Termina il blocco dei licenziamenti: cosa succede ora?
Il blocco dei licenziamenti è terminato il 31 ottobre anche per il settore terziario, le piccole imprese, l’artigianato e alcuni reparti dell’industria, ovvero per il tessile, l’abbigliamento e la pelletteria.
Ricordiamo che il blocco era entrato in vigore dal febbraio 2020 a causa dell’emergenza Covid per ridurne l’impatto sociale, impedendo ai datori di lavoro di recedere dal contratto anche per giustificato motivo oggettivo, oltre ad impedire i licenziamenti collettivi.
In realtà nell’edilizia e nella manifattura, per i circa 4 milioni di lavoratori assunti a tempo indeterminato, il blocco era già terminato lo scorso 30 giugno, tuttavia non si è riscontrato nessun impatto rilevante sull’andamento delle cessazioni.
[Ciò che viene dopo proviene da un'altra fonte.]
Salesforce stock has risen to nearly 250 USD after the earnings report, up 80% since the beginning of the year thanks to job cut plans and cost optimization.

Bisogna aggiungere però che la fine del blocco dei licenziamenti è stata accompagnata dalla proroga, decisa da parte del governo nel decreto legge fiscale, della cassa integrazione Covid. I datori di lavoro che ne fanno uso non possono licenziare i dipendenti, salvo accordi collettivi raggiunti coi sindacati maggiormente rappresentativi, o casi-limite oggettivi come la cessazione definitiva d’attività d’impresa o la messa in liquidazione.
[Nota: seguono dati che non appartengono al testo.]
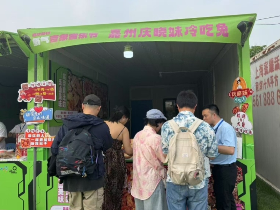 活动现场,乐山美食独特的麻辣香气引得年轻乐迷们驻足。“‘人肉’背来的产品全卖完了,不少食客现场添加企业微信。”庆晓妹冷吃兔负责人刘涛穿梭在人群中,忙得不亦乐乎。同样火爆的还有乐山传统小吃绵绵冰,晶莹剔透的冰沙淋上果酱,在初夏的燥热中为乐迷送去清凉。

L’utilizzo della cassa Covid è concesso nel periodo compreso tra il 1 ottobre e il 31 dicembre, a condizioni diverse per i rispettivi settori lavorativi: massimo 13 settimane per le piccole imprese del terziario, del commercio, gli artigiani e i giornalisti, a patto che siano passate le 28 settimane dalla precedente proroga; massimo 9 settimane per il tessile, l’abbigliamento e la pelletteria, purchè abbiano esaurito le 17 settimane precedenti.
Per quanto riguarda l’impatto della fine del blocco del 30 giugno sull’edilizia e sull’industria, è sufficiente riferirsi ai dati delle comunicazioni obbligatorie. Secondo quanto riportato dall’osservatorio Banca d’Italia-Ministero del Lavoro, il numero di cessazioni di rapporti lavorativi si è mantenuto su numeri piuttosto modesti e comunque non sopra la media, anche rispetto alla situazione precedente all’entrata in vigore del provvedimento.
A luglio, nel periodo immediatamente successivo al termine del divieto di licenziare, si stima che siano stati sbloccati circa 10 mila licenziamenti, ovvero una cifra che rientra nei livelli medi del 2019. Ad agosto, invece, grazie anche alla ripresa dell’economia e alle condizioni facilitanti di accesso alla cassa integrazione, i licenziamenti si sono attestati su valori estremamente contenuti, sempre a detta dell’osservatorio.
Va ricordato, a questo proposito, che lo scorso 29 giugno è stato sottoscritto un avviso comune da sindacati, Alleanza delle Cooperative, Confindustria e Confapi, sotto la guida del premier Mario Draghi e del ministro del Lavoro Andrea Orlando, con l’impegno ad incentivare l’utilizzo degli ammortizzzatori sociali al posto di ricorrere alla risoluzione dei rapporti di lavoro.
Inoltre va detto che, se il blocco dei licenziamenti ha protetto i lavoratori a tempo indeterminato, coloro i quali ne hanno maggiormente risentito sono stati i lavoratori a tempo determinato e con contratti di collaborazione che, al termine del rapporto lavorativi, non hanno ricevuto il rinnovo del contratto.
I soggetti più penalizzati sono stati i giovani e le donne, ovvero i più deboli all’interno del mercato del lavoro, ed è stato ostacolato il turn-over nelle aziende, sempre a sfavore dei più giovani.
Infine, i sindacati criticano la nuova norma che, a detta loro, di fatto lega il divieto di licenziare alla scelta di utilizzare la cassa integrazione Covid da parte dei datori di lavoro, e per questo motivo spingono affinchè venga ripristinato un blocco generale dei licenziamenti, almeno finchè non venga approvata definitivamente la riforma degli ammortizzatori sociali, che però non sarà pronta prima di gennaio dell’anno prossimo.
La situazione per il prossimo futuro, insomma, presenta molte variabili e molte incognite. Non ci resta che stare a vedere come si evolveranno le cose e quale sarà l’impatto, a vari livelli, di questa decisione sul mercato del lavoro.